Now that we have split our data into training and testing groups, created a model using a machine learning algorithm, and used the model to predict outcomes for our test data, it is time to verify how well our model did compared to the actual outcomes. To do this, there are a number of accuracy metrics. For this example we will focus on the accuracy score.

In [111]:
#import our score functions
from sklearn.metrics import accuracy_score

In [112]:
#compare y_test values with the predicted y values
score = accuracy_score(y_test, y_pred).mean()
print("Accuracy score for LogisticRegression classifier:  ", score)

Accuracy score for LogisticRegression classifier:   0.9957163958641063


***Here we can see that our LogisticRegression model was correct 99.57% of the time when predicting the denied status.***

## 5. Test for Best Classifier to Use

Now that we understand how machine learning is done, we can determine which model is the best choice for our data. In this example we will use  different classifiers and evaluate each against 5 accuracy metrics.

Note: the cross_val_score() function handles test_train_split(X,y,test_size=33,random_state-42), fit(X_train,y_train), predict(X_test), and also any of the accuracy score metrics. This function is essentially and all-in-one function.

In [113]:
classifiers = [RandomForestClassifier(n_estimators=5), GaussianNB(), LogisticRegression(solver='liblinear'), DecisionTreeClassifier(criterion='gini'), KNeighborsClassifier(n_neighbors=6)]
clf_names = ['RandomForest','GausianNB','LogisticRegression','DecisionTreeClassRegressor', 'KNeighbors']
metric_names = ['roc_auc','f1','accuracy','precision','recall']

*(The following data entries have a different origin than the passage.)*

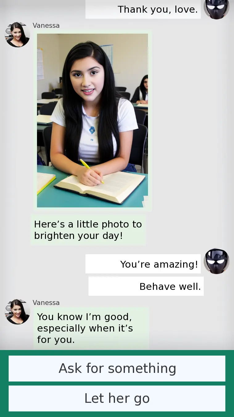 Cheat Chat is a minimalistic chat simulation game where you interact with Vanessa, your sweet, accommodating, and tender girlfriend. The game features real-life AI-generated images and a strong NTR theme. It is uncensored and available in both English and Spanish. Currently, it is at version 0.02 and offers a unique, immersive experience for fans of this genre.​
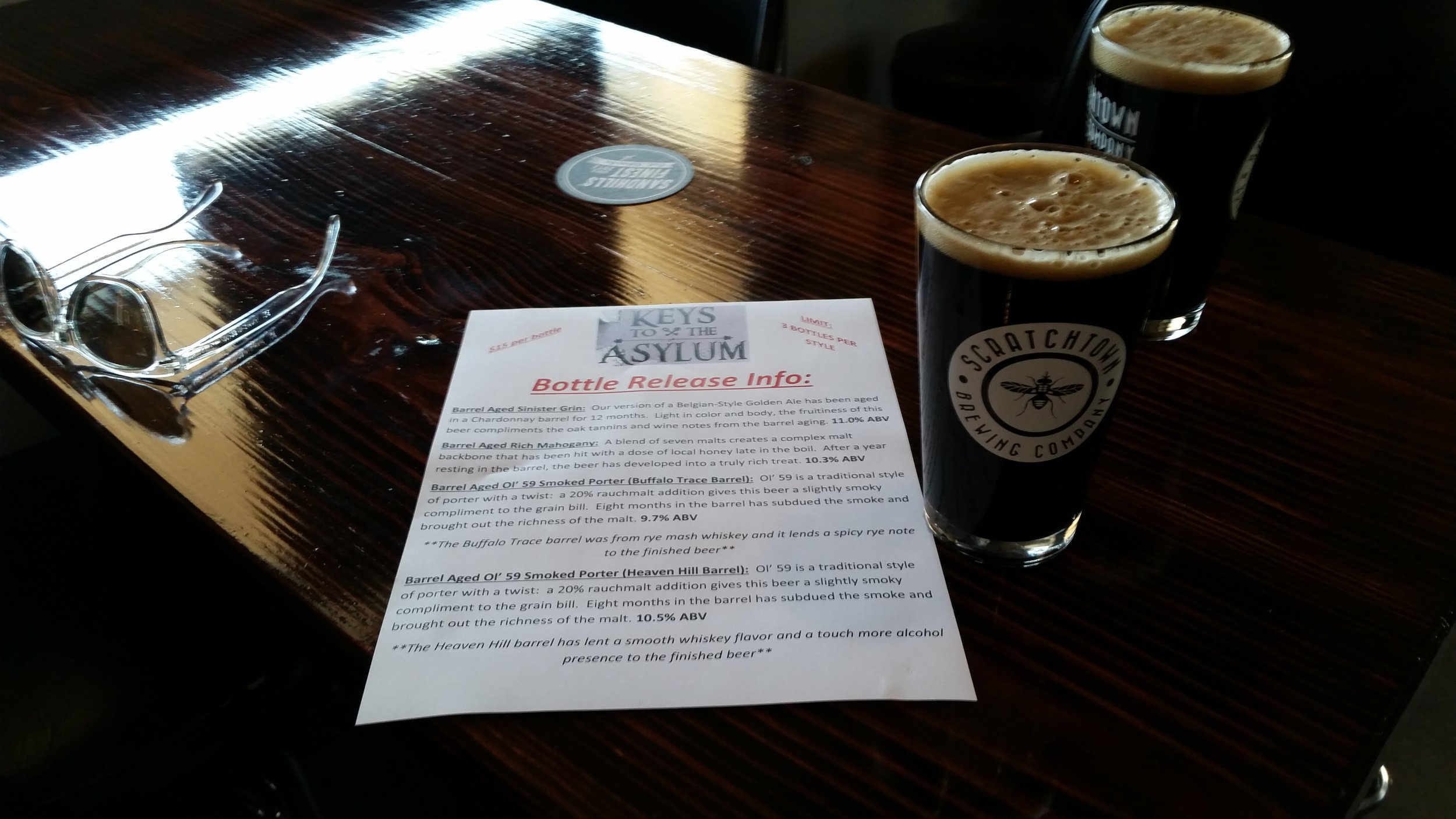 What a day it was to sit outside and enjoy some of the beers of Scratchtown. My favorite of the day was the Vanilla Normal. This breakfast stout has a smooth milky finish with a hint of vanilla and coffee flavor. What a wonderful beer to enjoy on the patio! My friend Jeff, enjoyed the Big Joe Pilsner. He said this was by far the best Pilsner beer he has ever had. We also got some of the Imperial Beers from the "Keys to the Asylum Release" to bring back with us. What a treat to have some of the best imperials in your hands!
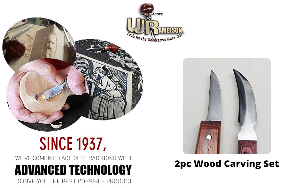 2pc Wood Carving Knife Set Luthier Whittling Decoy Caricature Chip

scv = StratifiedKFold(n_splits=3)

scores_df = pd.DataFrame(index=metric_names,columns=clf_names)
clf_scores = []
for clf, name in zip(classifiers, clf_names):
    print('-----------------------------------------------------------------------------------------------------------')
    print('Classifier: ',clf)
    print('')
    print("Scoring Metrics: ")
    for metric in metric_names:
        score = cross_val_score(clf,X,y,scoring=metric, cv=scv).mean()
        clf_scores.append(score)
        print('\t*',metric,'score: ', score)
    scores_df[name] = clf_scores
    clf_scores = []

-----------------------------------------------------------------------------------------------------------
Classifier:  RandomForestClassifier(bootstrap=True, class_weight=None, criterion='gini',
                       max_depth=None, max_features='auto', max_leaf_nodes=None,
                       min_impurity_decrease=0.0, min_impurity_split=None,
                       min_samples_leaf=1, min_samples_split=2,
                       min_weight_fraction_leaf=0.0, n_estimators=5,
                       n_jobs=None, oob_score=False, random_state=None,
                       verbose=0, warm_start=False)

Scoring Metrics: 
	* roc_auc score:  0.9970754501239952
	* f1 score:  0.9908797234769704
	* accuracy score:  0.9905914272360826
	* precision score:  0.992444556801408
	* recall score:  0.9912538786686828
-----------------------------------------------------------------------------------------------------------
Classifier:  GaussianNB(priors=None, var_smoothing=1e-09)

Scoring Metrics: 


## Final Results

For boolean classification, the top performing machine learning algorithm is RandomForrestClassifier followed closely behind by the DecisionTreeClassifier. Both of these classifiers work by building out a tree via simple if then else rules - the deeper the tree, the more complex the model.